## AIM OF THE EXERCISE
What you output must be the exact lines from the first line of the data through the one holding "当前位置: 91家纺网 >", with no pictures.

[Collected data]
• • • • • • •
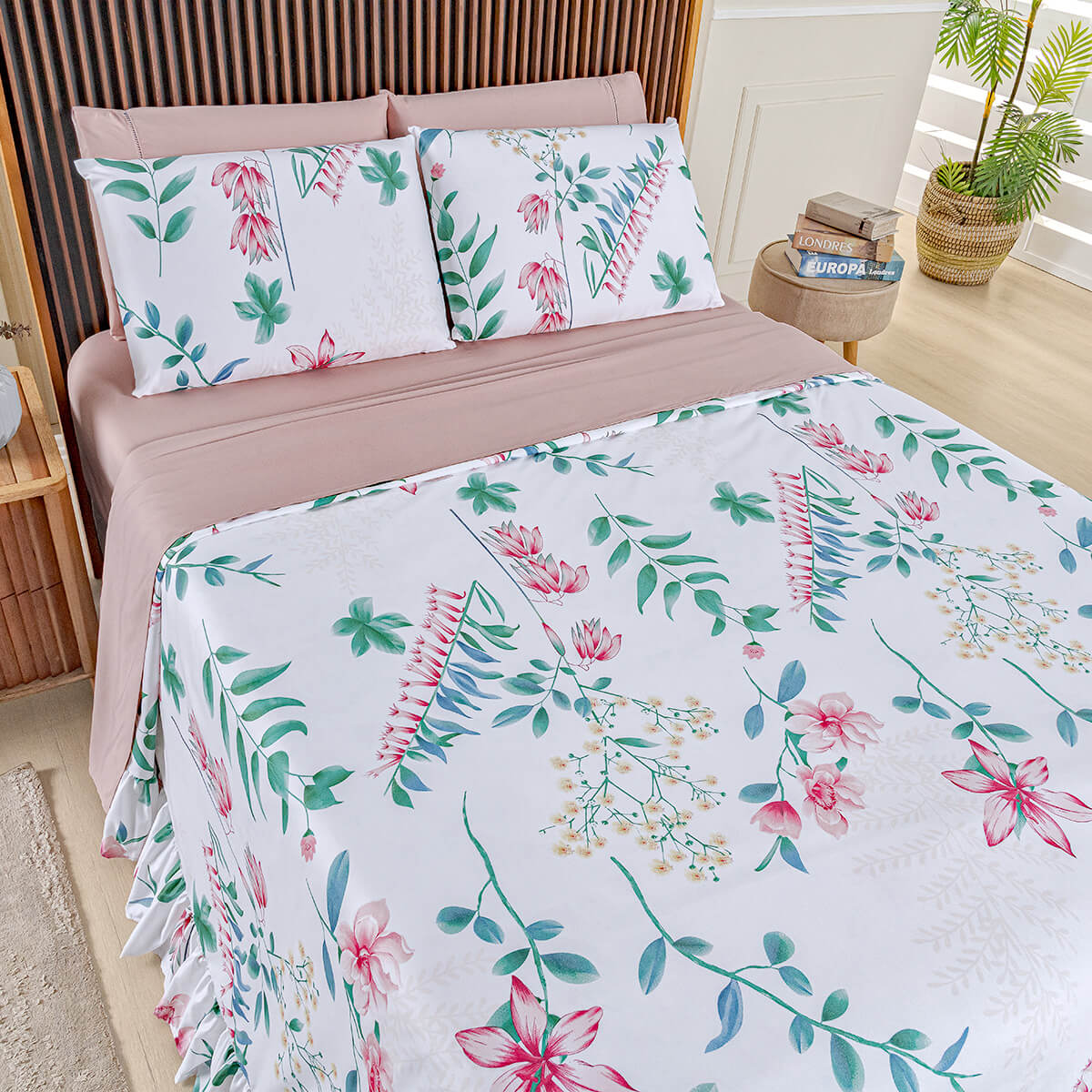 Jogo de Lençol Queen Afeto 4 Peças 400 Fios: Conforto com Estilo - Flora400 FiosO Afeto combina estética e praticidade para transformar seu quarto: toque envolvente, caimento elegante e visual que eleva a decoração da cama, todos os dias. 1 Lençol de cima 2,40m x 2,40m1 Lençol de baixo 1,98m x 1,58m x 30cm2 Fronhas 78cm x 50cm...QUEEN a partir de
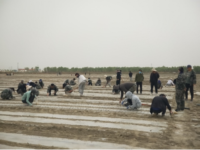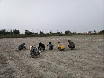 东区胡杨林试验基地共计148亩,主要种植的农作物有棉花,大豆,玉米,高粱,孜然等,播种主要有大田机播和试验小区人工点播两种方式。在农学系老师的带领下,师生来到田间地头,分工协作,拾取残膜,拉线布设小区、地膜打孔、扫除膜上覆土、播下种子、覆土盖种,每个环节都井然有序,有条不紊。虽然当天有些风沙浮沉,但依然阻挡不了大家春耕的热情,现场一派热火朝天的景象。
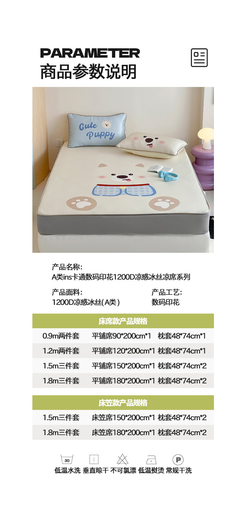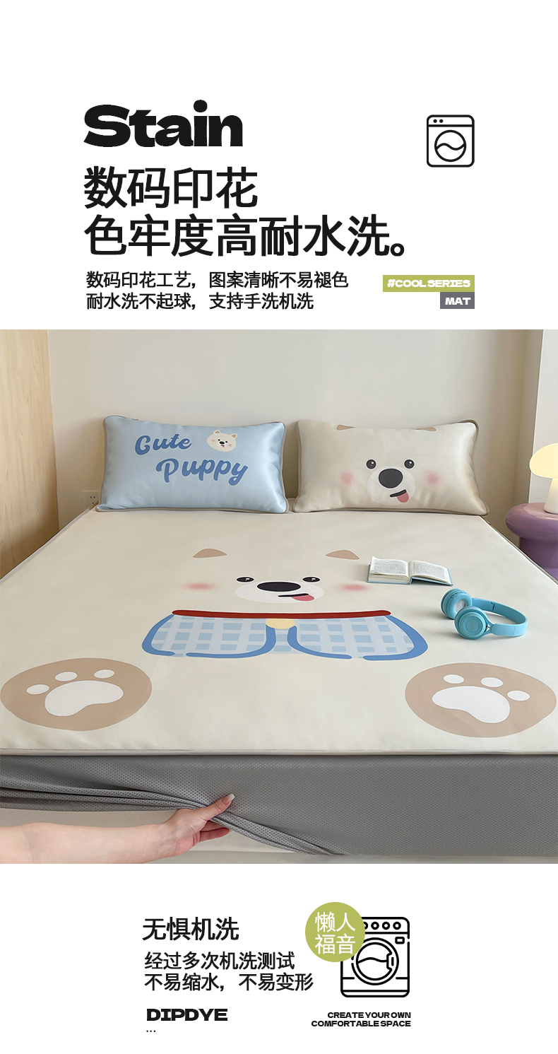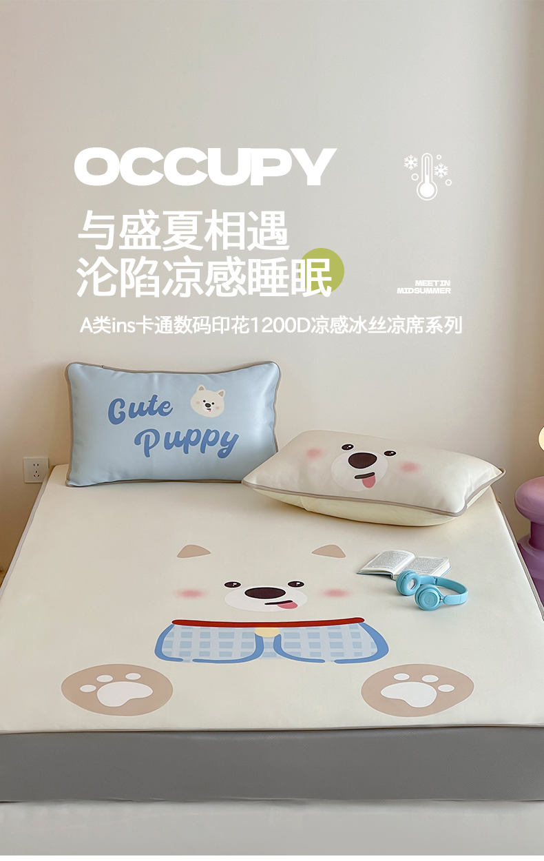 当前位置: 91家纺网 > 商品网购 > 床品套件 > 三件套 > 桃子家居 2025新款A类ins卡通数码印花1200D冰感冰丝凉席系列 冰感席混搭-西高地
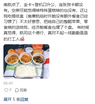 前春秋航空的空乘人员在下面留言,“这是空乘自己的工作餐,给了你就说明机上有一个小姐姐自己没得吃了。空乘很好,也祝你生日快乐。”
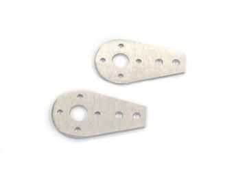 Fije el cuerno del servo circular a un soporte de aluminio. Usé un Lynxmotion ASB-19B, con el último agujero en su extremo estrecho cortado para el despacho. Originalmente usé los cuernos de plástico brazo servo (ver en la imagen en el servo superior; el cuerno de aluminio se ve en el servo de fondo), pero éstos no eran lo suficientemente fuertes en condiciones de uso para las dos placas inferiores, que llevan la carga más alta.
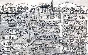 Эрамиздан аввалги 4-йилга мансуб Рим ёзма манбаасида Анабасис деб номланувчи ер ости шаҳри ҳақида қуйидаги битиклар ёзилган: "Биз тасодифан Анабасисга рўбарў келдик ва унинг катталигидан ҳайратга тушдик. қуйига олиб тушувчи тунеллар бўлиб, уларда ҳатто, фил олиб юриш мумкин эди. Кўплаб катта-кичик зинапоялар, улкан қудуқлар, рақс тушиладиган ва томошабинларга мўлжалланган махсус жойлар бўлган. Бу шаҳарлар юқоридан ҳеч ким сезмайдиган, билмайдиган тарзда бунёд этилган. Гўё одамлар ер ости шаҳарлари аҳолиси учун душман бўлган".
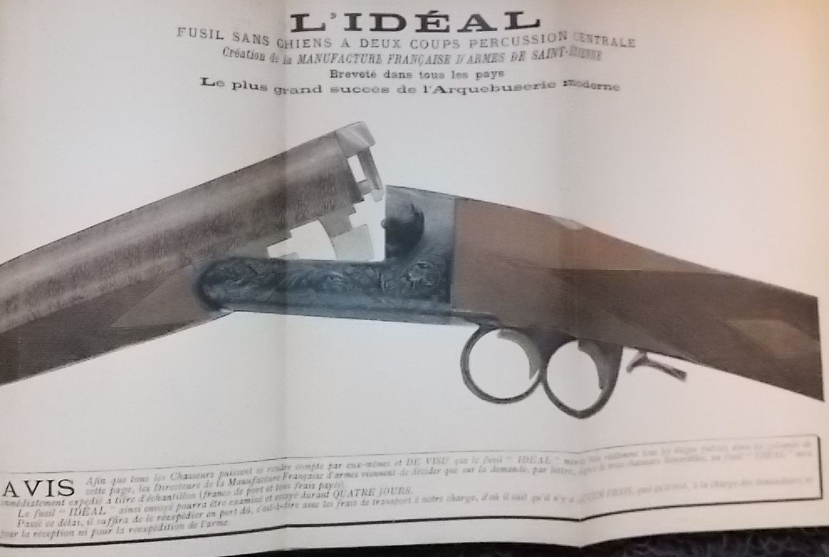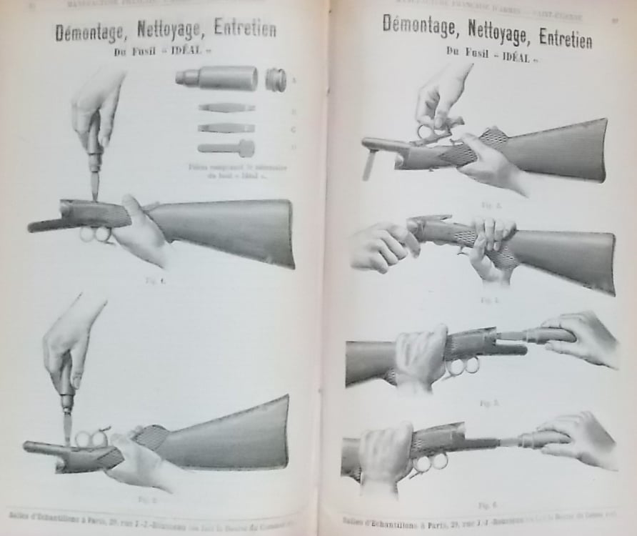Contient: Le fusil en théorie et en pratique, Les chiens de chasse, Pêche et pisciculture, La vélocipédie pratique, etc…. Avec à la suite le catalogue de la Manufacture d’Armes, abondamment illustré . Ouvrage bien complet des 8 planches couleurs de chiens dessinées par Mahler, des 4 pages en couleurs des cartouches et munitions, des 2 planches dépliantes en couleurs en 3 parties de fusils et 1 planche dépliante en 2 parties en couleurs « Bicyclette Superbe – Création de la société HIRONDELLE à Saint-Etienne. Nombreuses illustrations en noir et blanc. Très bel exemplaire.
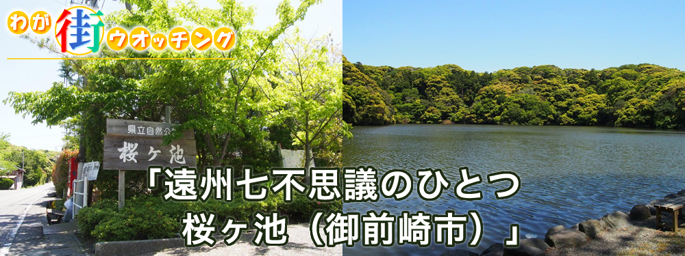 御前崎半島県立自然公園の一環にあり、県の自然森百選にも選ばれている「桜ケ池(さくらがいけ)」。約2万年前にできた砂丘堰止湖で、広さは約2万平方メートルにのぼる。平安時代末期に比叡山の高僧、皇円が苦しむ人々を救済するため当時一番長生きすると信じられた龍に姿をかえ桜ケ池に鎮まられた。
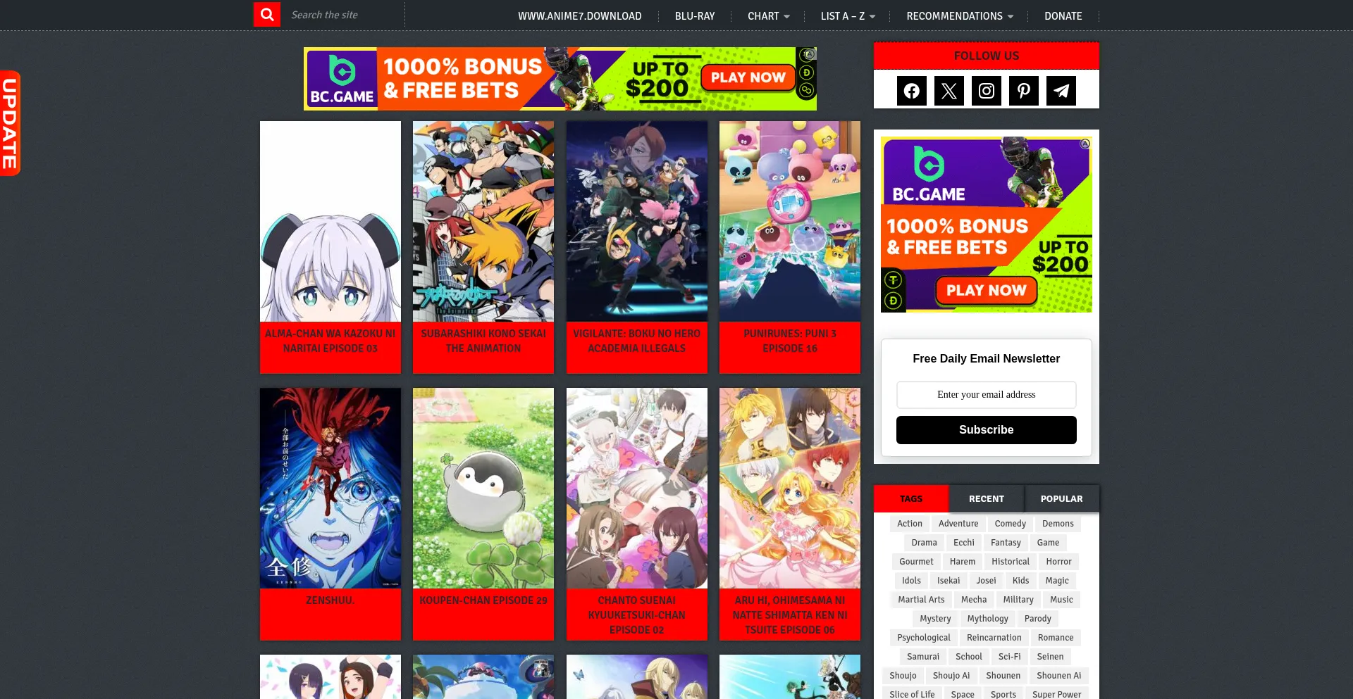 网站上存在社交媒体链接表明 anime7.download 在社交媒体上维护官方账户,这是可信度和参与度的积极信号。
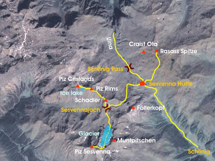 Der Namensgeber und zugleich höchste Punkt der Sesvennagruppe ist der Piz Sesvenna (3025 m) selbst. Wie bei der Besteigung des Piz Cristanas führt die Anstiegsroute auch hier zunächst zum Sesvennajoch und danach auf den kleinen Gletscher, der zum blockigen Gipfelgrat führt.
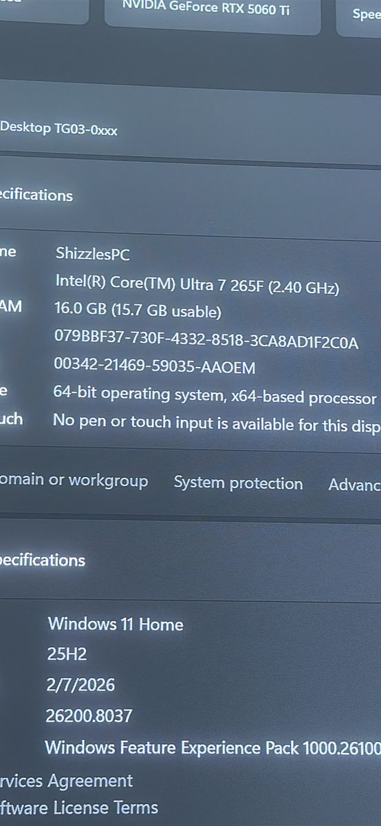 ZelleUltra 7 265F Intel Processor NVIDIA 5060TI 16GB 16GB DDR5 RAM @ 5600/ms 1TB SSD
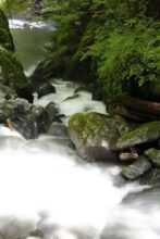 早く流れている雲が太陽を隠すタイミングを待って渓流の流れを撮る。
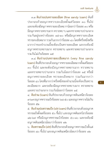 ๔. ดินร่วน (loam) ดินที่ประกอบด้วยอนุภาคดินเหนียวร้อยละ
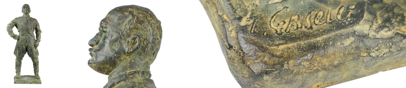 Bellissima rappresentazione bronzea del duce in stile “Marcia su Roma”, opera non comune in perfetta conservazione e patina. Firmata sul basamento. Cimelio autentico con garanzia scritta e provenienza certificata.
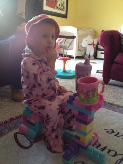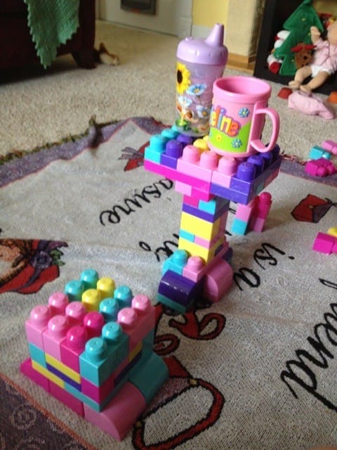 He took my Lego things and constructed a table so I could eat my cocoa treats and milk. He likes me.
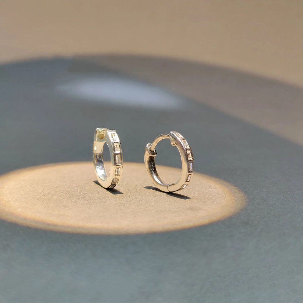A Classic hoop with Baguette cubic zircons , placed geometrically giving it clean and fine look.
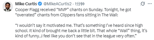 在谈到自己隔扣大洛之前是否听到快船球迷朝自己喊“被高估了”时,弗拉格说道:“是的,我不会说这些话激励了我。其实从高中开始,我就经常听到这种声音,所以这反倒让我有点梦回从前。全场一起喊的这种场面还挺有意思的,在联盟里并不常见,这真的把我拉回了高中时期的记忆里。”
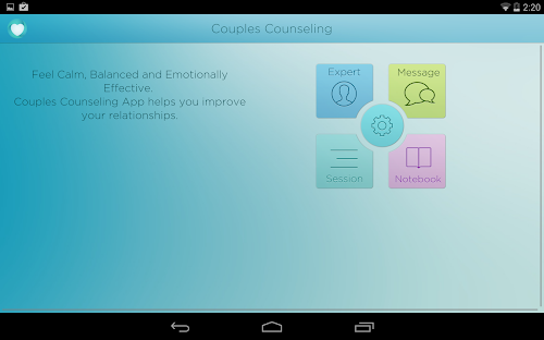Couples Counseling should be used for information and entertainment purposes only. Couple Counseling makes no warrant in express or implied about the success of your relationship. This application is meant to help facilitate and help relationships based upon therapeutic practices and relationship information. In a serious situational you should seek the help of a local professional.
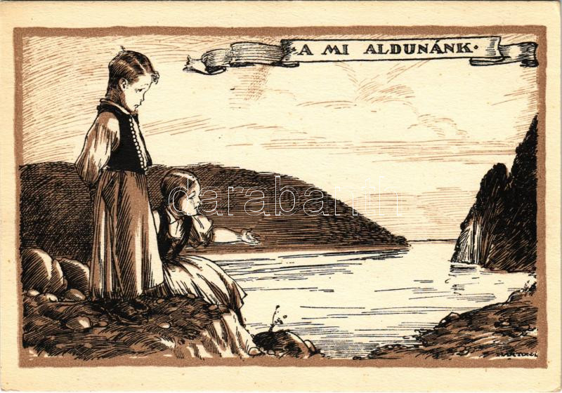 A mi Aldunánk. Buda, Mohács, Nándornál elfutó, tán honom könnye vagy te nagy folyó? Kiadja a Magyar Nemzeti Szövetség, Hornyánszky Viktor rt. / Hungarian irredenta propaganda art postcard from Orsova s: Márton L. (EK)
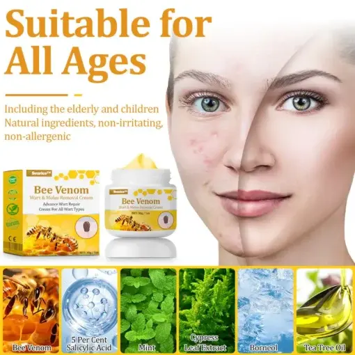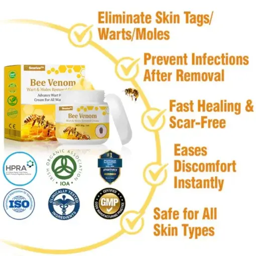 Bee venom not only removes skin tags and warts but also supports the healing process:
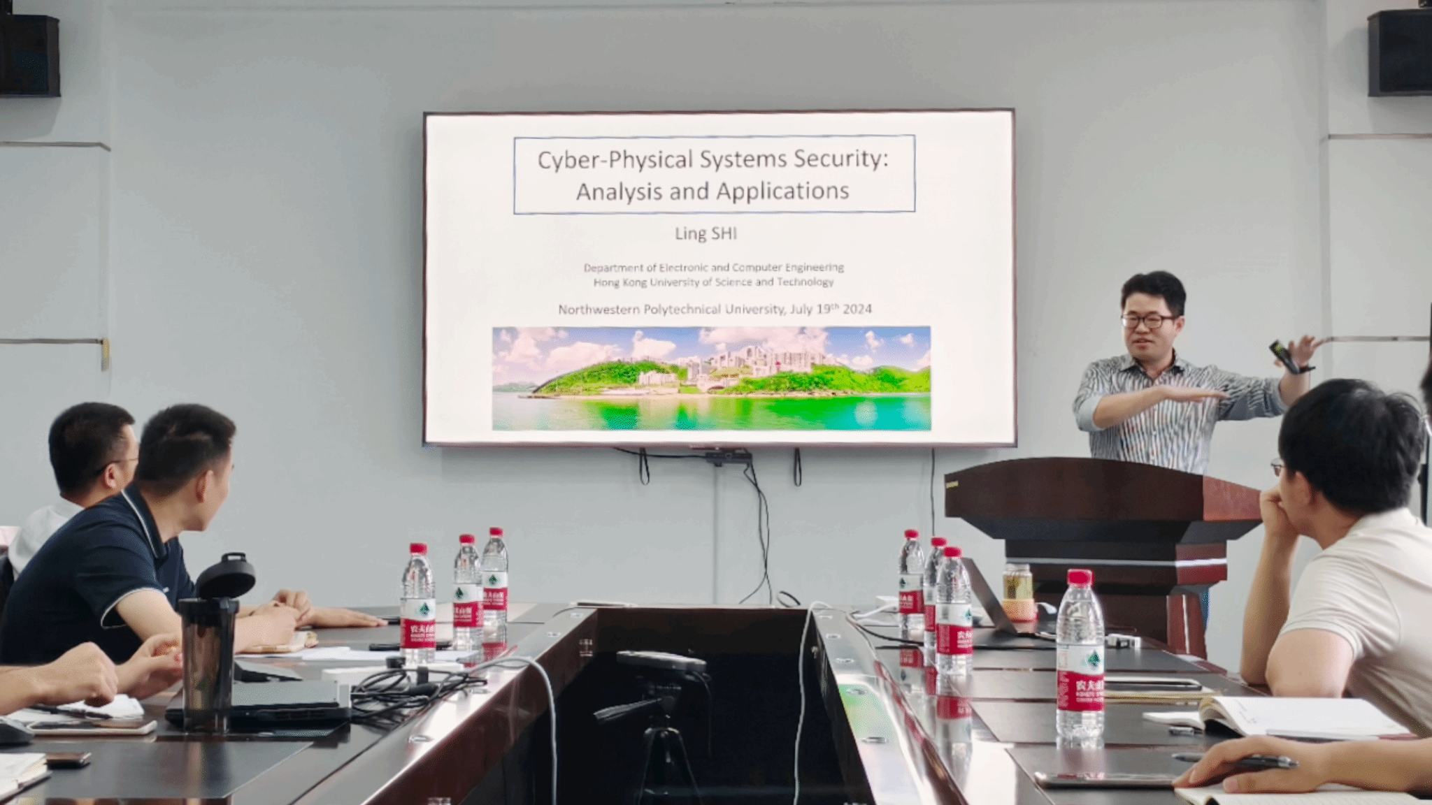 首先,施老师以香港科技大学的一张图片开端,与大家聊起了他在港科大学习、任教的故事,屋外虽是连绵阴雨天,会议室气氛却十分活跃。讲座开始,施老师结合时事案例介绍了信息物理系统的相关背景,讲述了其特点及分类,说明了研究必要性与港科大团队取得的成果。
• • • • • • •
## WRITTEN ANSWER
 Jogo de Lençol Queen Afeto 4 Peças 400 Fios: Conforto com Estilo - Flora400 FiosO Afeto combina estética e praticidade para transformar seu quarto: toque envolvente, caimento elegante e visual que eleva a decoração da cama, todos os dias. 1 Lençol de cima 2,40m x 2,40m1 Lençol de baixo 1,98m x 1,58m x 30cm2 Fronhas 78cm x 50cm...QUEEN a partir de
 东区胡杨林试验基地共计148亩,主要种植的农作物有棉花,大豆,玉米,高粱,孜然等,播种主要有大田机播和试验小区人工点播两种方式。在农学系老师的带领下,师生来到田间地头,分工协作,拾取残膜,拉线布设小区、地膜打孔、扫除膜上覆土、播下种子、覆土盖种,每个环节都井然有序,有条不紊。虽然当天有些风沙浮沉,但依然阻挡不了大家春耕的热情,现场一派热火朝天的景象。
 当前位置: 91家纺网 > 商品网购 > 床品套件 > 三件套 > 桃子家居 2025新款A类ins卡通数码印花1200D冰感冰丝凉席系列 冰感席混搭-西高地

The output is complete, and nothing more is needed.